> [Exercise data]
"""

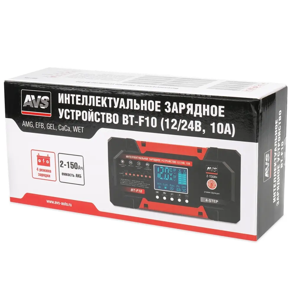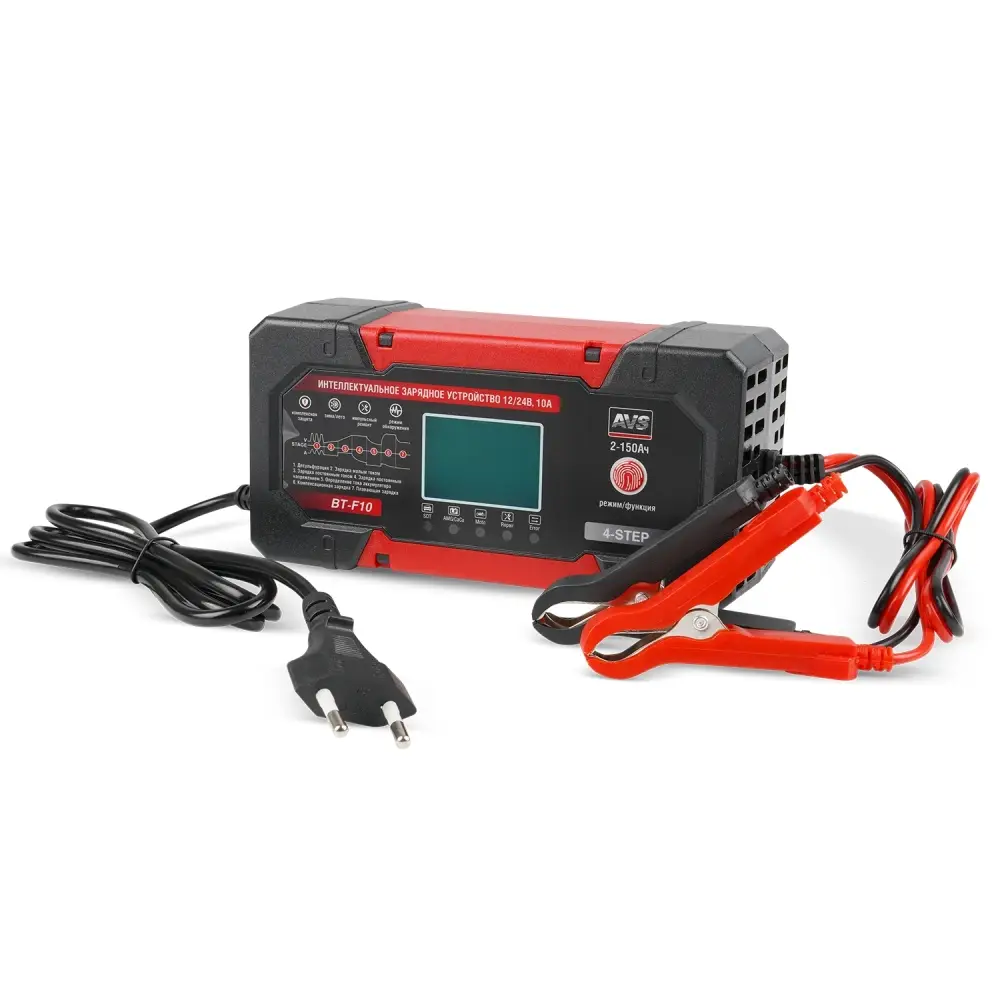 Интеллектуальное зарядное устройство для автомобильного аккумулятора AVS BT-F10 (10A) 12/24V
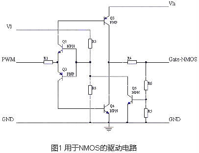在这三种状况下,图腾柱构造无法满足输出请求,而很多现成的MOS驱动IC,似乎也没有包含Vgate限制的构造。于是设计了一个相对通用的电路来满足这三种需求。用于NMOS的驱动电路如下所示:
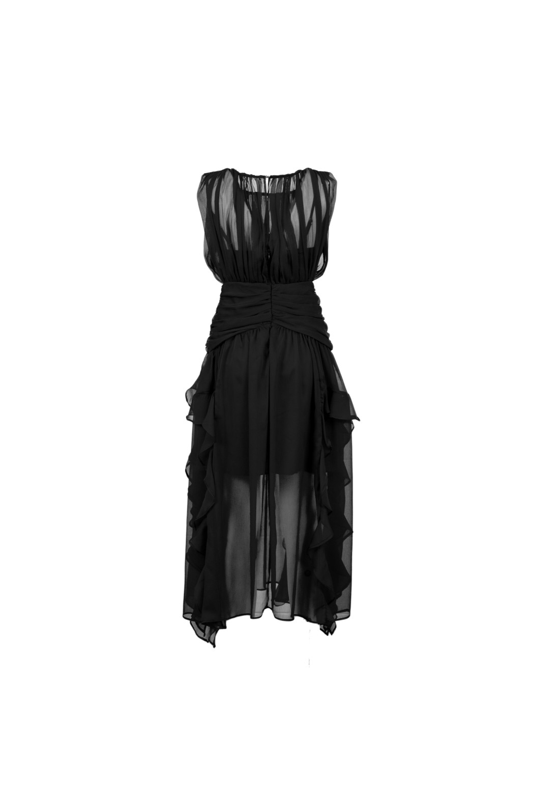 Abito lungo scollo tondo, in tessuto drappeggiato con grandi rouches.

"""

> [Problem requirements] Please give the data again in full, exactly as written, but without any images.

> [Task output]
 Интеллектуальное зарядное устройство для автомобильного аккумулятора AVS BT-F10 (10A) 12/24V
在这三种状况下,图腾柱构造无法满足输出请求,而很多现成的MOS驱动IC,似乎也没有包含Vgate限制的构造。于是设计了一个相对通用的电路来满足这三种需求。用于NMOS的驱动电路如下所示:
 Abito lungo scollo tondo, in tessuto drappeggiato con grandi rouches.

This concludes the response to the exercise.